Electricity utility Eskom on Tuesday reported net profit after tax of R3.535-billion for the year-ended December 31, 2003, from R3.707-billion in the prior year.

Net operating income was R6.818-billion, while the profit after interest was R5.514-billion.

Revenue rose 10.6 percent to R32.848-billion from R29.684-billion as electricity sales increased by 4.8 percent compared with 3.5 percent in 2002.

In February 2004, electricity consumption in South Africa rose by 7.2 percent year-on-year bringing electricity consumption growth in the three months December to February to 6.3 percent year-on-year.

Eskom CEO Thulani Gcabashe expects growth for the full year to be in the range of 4.5 percent to five percent.

Delays in SNO stake

The utility raised an impairment provision of R649-million against the investment by its commercial subsidiary, Eskom Enterprises, in the fixed-line second network operator, due to delays in the licensing of the new competitor to Telkom. It is expected to be licensed in June.

It also wrote off a R154-million investment in Lesotho Mountain Communications.

No pressure on bond market

Eskom will not put any pressure on the South African bond market, as its bond issuance will be R4-billion at most this year, Eskom finance director Willem Kok told I-Net Bridge on Tuesday.

Speaking after the electricity utility's annual results presentation, Kok said it would most probably be less than R3-billion, but could go to R4-billion if Eskom Enterprises needed funds for one of their projects in the rest of Africa.

"We actually do not need to come to the capital market this year, as we have more than enough free cash flow to cover our capital expenditure needs of R6-billion, but we are committed to keeping a profile in the capital market on an ongoing basis," Kok said.

Debt-equity ratio

Eskom reduced its debt-equity ratio to 0.3 in 2003 from 0.46 in 2002. This is its lowest debt-equity ratio in 30 years.

"I would prefer this kind of debt-equity ratio compared with the above three ratio that we had in the mid-1980s. We can comfortably grow this ratio to parity, but it all depends on how much of the new electricity generation capacity will be funded by Eskom," Kok added.

Eskom asked for a 8.5 percent electricity tariff increase for this year, but the National Electricity Regulator (NER) only granted a 2.5 percent increase.

Underlying its request for an 8.5 percent increase is Eskom's argument that its average prices need to increase from 2004 onwards in order to fund the new generation capacity required by the country in the future.
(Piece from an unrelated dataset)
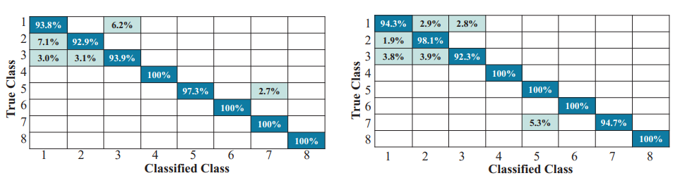 王巍教授团队分别在三种常见的GNSS接收器上实现了GPSense系统,在使用GPSense技术对八种典型的动作进行了分类识别,平均识别准确率均在94%以上。
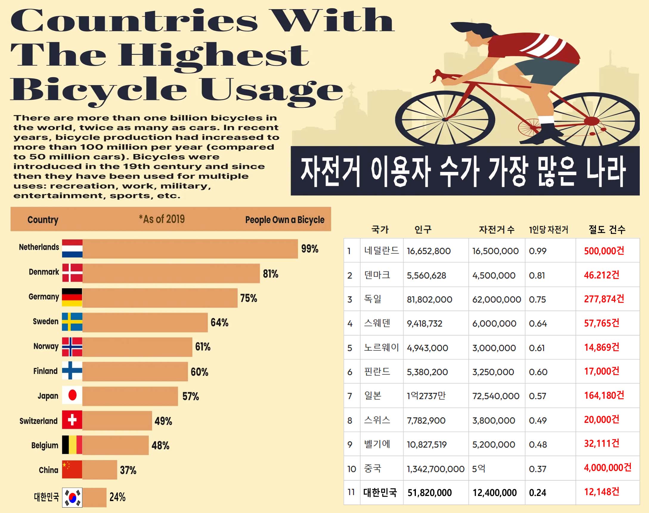 참고로, 인터넷에 이 포스팅의 일부분을 캡쳐해서 많이 돌아다니는데, 그중에는 나라별 자전거 보유대수가 없어서 정확하지 않다는 글들이 많아서 자전거 사용자 수가 가장 많은 10개 국가와 대한민국의 자전거 보유대수를 포함해서 업데이트했습니다.

Current forecasts indicate that significant investment in new capacity will start picking up from 2007.

Re-commissioning power stations

At present Eskom will first re-commission mothballed power stations such as Camden. It also has plans for a pumped-storage hydro-electric plant at Braamhoek in the Drakensberg that can be used to meet peak demand.

Eskom also argued that an increase in current electricity prices would ensure that there would not be any significant increases in average prices when new capacity comes on stream. In the mid-1980s there were sharp price hikes as new coal-fired capacity came on stream.

Lower price increase

The NER fundamentally disagrees with Eskom's arguments and its reasoning behind the approval of a lower price increase in 2004 is as follows:

  • Electricity customers have already contributed towards financing future investment as electricity price levels have allowed Eskom to make substantial reductions in its debt levels over the past 15 years. If Eskom is required to build new generation plants, the NER's analysis shows that this is possible without increasing real prices at this stage. Other investigations conducted independently of the NER's analysis, support this conclusion;
  • There is no guarantee that Eskom will be required to build new generation capacity as the government has announced its intention to allow new players into the generation sector. Therefore, it is inappropriate and unnecessary for Eskom to collect revenue now to fund investment that may be provided by other future investors; and
  • The NER does not expect a dramatic step increase in average electricity prices when new capacity is commissioned, regardless of who provides it.

    This is because average prices will be mainly determined by existing capacity (which will continue to generate the majority of the country's electricity requirements) rather than the higher cost new capacity.

    Government expects any big new investment in power stations, likely after Eskom's excess capacity runs out in about 2010, to be driven by the private sector.